(Records drawn from a dataset)
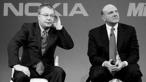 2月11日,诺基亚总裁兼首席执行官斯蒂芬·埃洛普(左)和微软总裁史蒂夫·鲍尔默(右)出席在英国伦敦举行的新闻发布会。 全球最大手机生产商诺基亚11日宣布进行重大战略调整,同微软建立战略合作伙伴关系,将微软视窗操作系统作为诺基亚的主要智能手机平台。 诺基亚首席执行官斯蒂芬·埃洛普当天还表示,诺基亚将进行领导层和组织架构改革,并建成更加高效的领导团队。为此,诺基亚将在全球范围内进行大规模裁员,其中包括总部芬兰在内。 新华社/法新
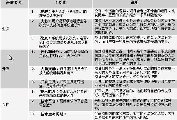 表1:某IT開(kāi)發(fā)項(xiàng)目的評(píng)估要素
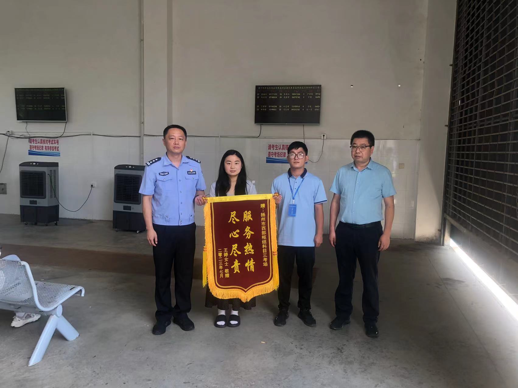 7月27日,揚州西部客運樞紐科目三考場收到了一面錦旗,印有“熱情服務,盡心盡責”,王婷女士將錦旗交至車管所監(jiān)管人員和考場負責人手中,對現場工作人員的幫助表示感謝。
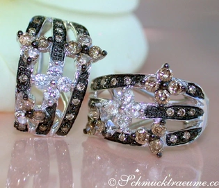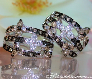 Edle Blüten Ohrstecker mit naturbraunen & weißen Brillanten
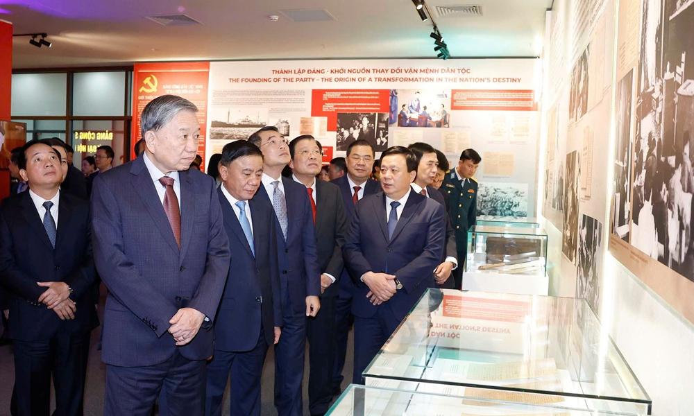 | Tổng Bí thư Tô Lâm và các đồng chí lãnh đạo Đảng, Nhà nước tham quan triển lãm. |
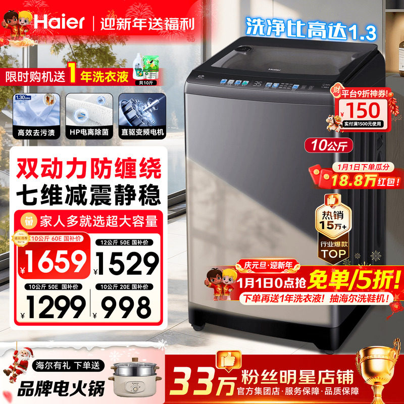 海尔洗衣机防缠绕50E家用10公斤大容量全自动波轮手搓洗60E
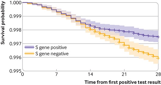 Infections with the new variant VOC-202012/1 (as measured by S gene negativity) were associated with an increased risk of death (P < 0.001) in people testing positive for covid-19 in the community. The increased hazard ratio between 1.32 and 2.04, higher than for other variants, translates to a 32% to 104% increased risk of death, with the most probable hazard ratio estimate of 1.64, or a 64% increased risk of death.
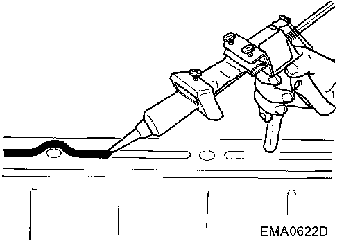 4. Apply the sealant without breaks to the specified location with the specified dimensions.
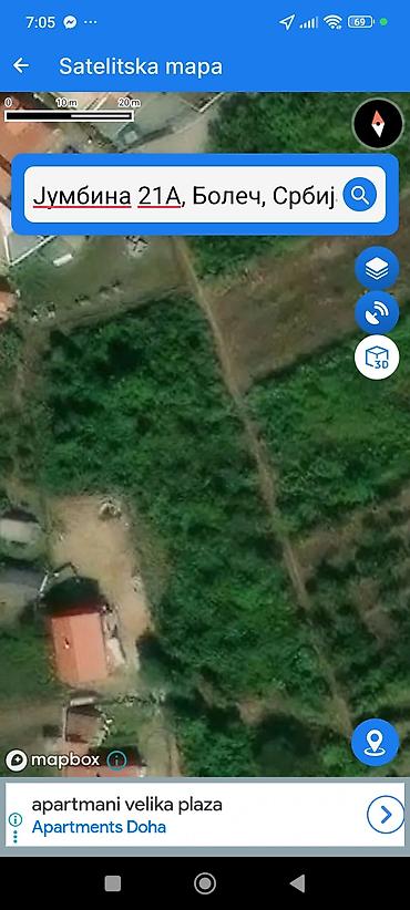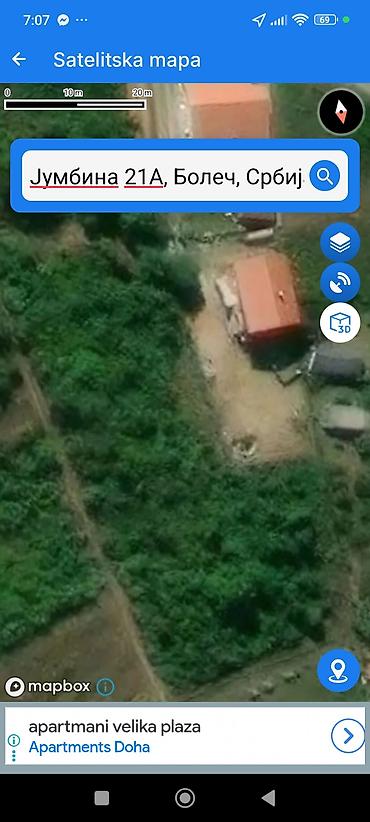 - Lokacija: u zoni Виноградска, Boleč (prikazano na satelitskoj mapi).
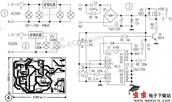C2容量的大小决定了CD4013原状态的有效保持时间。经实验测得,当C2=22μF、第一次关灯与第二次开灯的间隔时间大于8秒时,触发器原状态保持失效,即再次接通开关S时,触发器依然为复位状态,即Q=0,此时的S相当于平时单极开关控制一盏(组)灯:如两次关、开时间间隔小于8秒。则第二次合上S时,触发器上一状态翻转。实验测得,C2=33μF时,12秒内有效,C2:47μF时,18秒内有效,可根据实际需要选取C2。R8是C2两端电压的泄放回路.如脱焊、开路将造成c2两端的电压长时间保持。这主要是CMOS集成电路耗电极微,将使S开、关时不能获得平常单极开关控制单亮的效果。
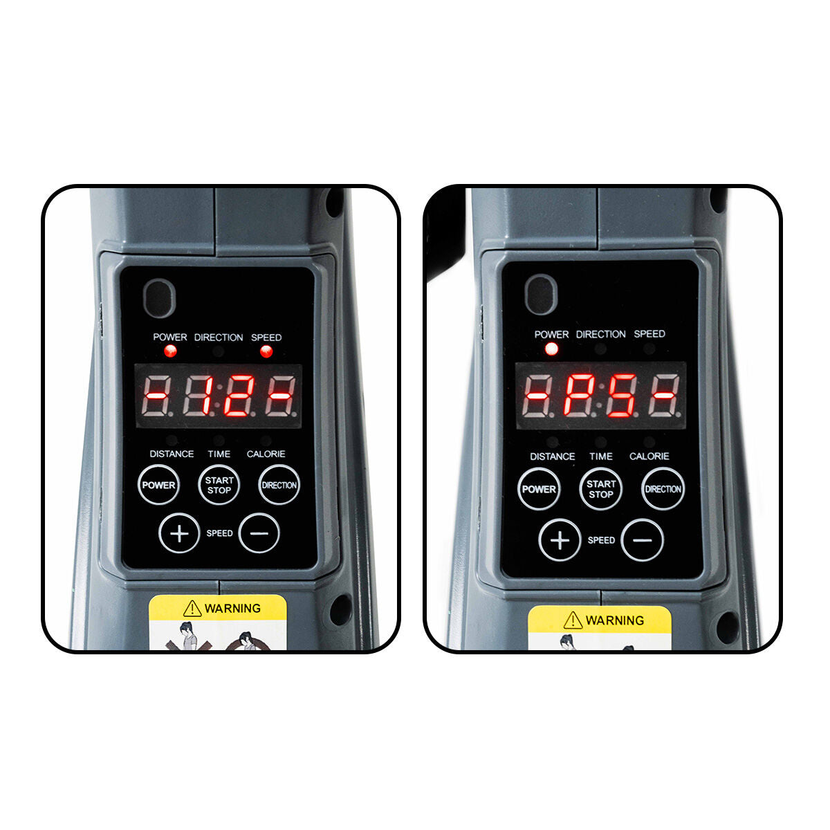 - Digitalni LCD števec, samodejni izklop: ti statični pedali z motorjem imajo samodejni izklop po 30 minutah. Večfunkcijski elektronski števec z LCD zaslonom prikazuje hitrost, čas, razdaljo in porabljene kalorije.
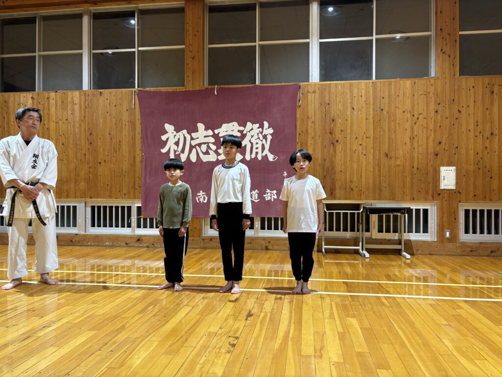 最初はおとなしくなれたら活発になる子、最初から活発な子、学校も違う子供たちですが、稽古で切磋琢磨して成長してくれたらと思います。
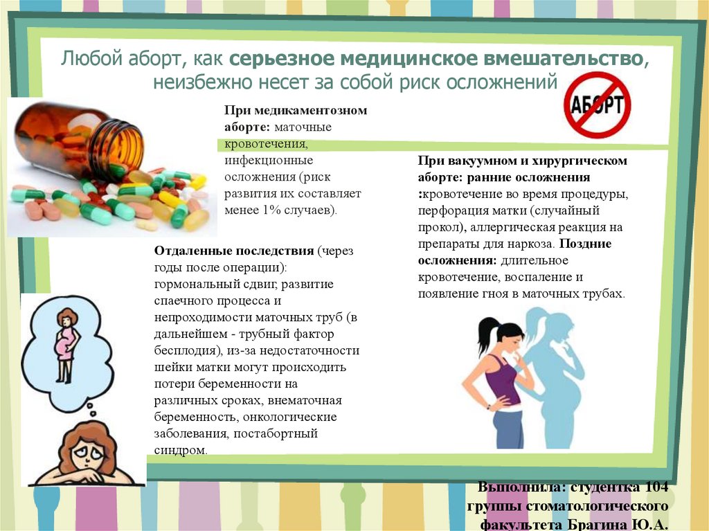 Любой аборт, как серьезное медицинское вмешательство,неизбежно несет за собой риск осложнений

== What is being asked ==
Images are to be omitted; repeat the remaining data above exactly.

== Solution to this task ==
 2月11日,诺基亚总裁兼首席执行官斯蒂芬·埃洛普(左)和微软总裁史蒂夫·鲍尔默(右)出席在英国伦敦举行的新闻发布会。 全球最大手机生产商诺基亚11日宣布进行重大战略调整,同微软建立战略合作伙伴关系,将微软视窗操作系统作为诺基亚的主要智能手机平台。 诺基亚首席执行官斯蒂芬·埃洛普当天还表示,诺基亚将进行领导层和组织架构改革,并建成更加高效的领导团队。为此,诺基亚将在全球范围内进行大规模裁员,其中包括总部芬兰在内。 新华社/法新
 表1:某IT開(kāi)發(fā)項(xiàng)目的評(píng)估要素
 7月27日,揚州西部客運樞紐科目三考場收到了一面錦旗,印有“熱情服務,盡心盡責”,王婷女士將錦旗交至車管所監(jiān)管人員和考場負責人手中,對現場工作人員的幫助表示感謝。
 Edle Blüten Ohrstecker mit naturbraunen & weißen Brillanten
 | Tổng Bí thư Tô Lâm và các đồng chí lãnh đạo Đảng, Nhà nước tham quan triển lãm. |
 海尔洗衣机防缠绕50E家用10公斤大容量全自动波轮手搓洗60E
 Infections with the new variant VOC-202012/1 (as measured by S gene negativity) were associated with an increased risk of death (P < 0.001) in people testing positive for covid-19 in the community. The increased hazard ratio between 1.32 and 2.04, higher than for other variants, translates to a 32% to 104% increased risk of death, with the most probable hazard ratio estimate of 1.64, or a 64% increased risk of death.
 4. Apply the sealant without breaks to the specified location with the specified dimensions.
 - Lokacija: u zoni Виноградска, Boleč (prikazano na satelitskoj mapi).
C2容量的大小决定了CD4013原状态的有效保持时间。经实验测得,当C2=22μF、第一次关灯与第二次开灯的间隔时间大于8秒时,触发器原状态保持失效,即再次接通开关S时,触发器依然为复位状态,即Q=0,此时的S相当于平时单极开关控制一盏(组)灯:如两次关、开时间间隔小于8秒。则第二次合上S时,触发器上一状态翻转。实验测得,C2=33μF时,12秒内有效,C2:47μF时,18秒内有效,可根据实际需要选取C2。R8是C2两端电压的泄放回路.如脱焊、开路将造成c2两端的电压长时间保持。这主要是CMOS集成电路耗电极微,将使S开、关时不能获得平常单极开关控制单亮的效果。
 - Digitalni LCD števec, samodejni izklop: ti statični pedali z motorjem imajo samodejni izklop po 30 minutah. Večfunkcijski elektronski števec z LCD zaslonom prikazuje hitrost, čas, razdaljo in porabljene kalorije.
 最初はおとなしくなれたら活発になる子、最初から活発な子、学校も違う子供たちですが、稽古で切磋琢磨して成長してくれたらと思います。
 Любой аборт, как серьезное медицинское вмешательство,неизбежно несет за собой риск осложнений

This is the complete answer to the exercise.